Japanese junipers are a popular tree for bonsai. Bonsai is the art of keeping miniature trees in small, flat pots that mimic the characteristics of large, old trees. Although junipers are popular and quite hardy, sometimes things go wrong. If you notice your juniper turning brown, it is important to quickly establish the cause.
Needles turning brown can be an indicator of improper watering. Junipers don't need water every day. In some cases, overwatering can cause needles to turn brown. However, inadequate water is also often the cause of a browning of your tree. Never allow your juniper to completely dry out. Allowing the tree to dry out often results in root death. If the roots die, the upper portion of the tree, including the needles, won't get enough water.
Many popular home and garden stores sell junipers with a layer of rocks glued on the soil. This layer of rock is glued in place for the convenience of the store and wholesaler and offers no benefits to your tree. In fact, if you don't remove this layer, the glued rock layer will kill almost all of bonsai trees you bring home. If you buy a tree with these glued rocks, remove them by breaking them up gently with a hammer. Replace them with loose aquarium gravel that allows air and water to circulate freely.
Junipers can sometimes turn yellow if left in full sun.
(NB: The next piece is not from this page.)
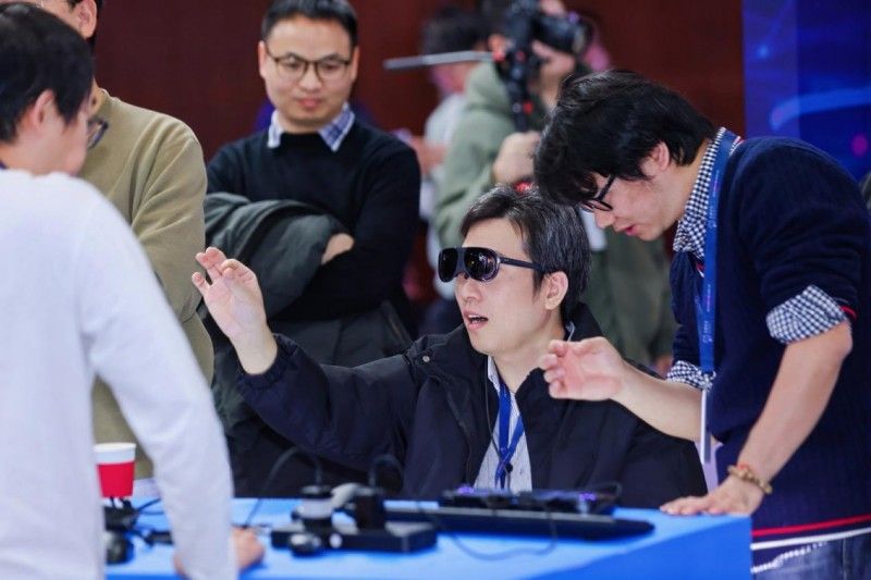 在大會現(xiàn)場,萬有引力電子科技創(chuàng)始人兼CEO王超昊博士展示了一款業(yè)界前所未有的MR眼鏡參考樣機——它搭載著“極智G-X100”芯片,重量不到100克,既有90度的虛擬場景視場角,又支持自然的手眼交互,以酷似墨鏡的形態(tài),降低用戶擁抱MR的門檻。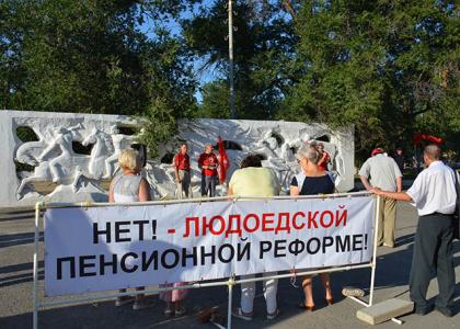 Власти, не стесняясь, упорно намерены увеличить женщинам пенсионный возраст на 8 лет – до 63-х, а мужчинам – до 65-ти… Это значит, что за эти дополнительные годы «реформаторы» украдут у каждого пенсионера, разумеется, если он доживет: у женщины - более миллиона, у мужчины – более 800 тыс. рублей. В ответ на такие планы народ отвечает: «Людоедское правительство – в отставку!»

In some lights, this yellowing may appear brown. Keep your juniper in indirect light or in partial sun to encourage its deep green color.
Unfortunately, if more than one branch is brown, your tree may already be dead. Junipers tend to remain green, even after death. In some cases, by the time your tree turns brown, it may already have been dead for several days or weeks. If only a single branch is brown, consider pruning off that branch and waiting to see what happens with the rest of the tree.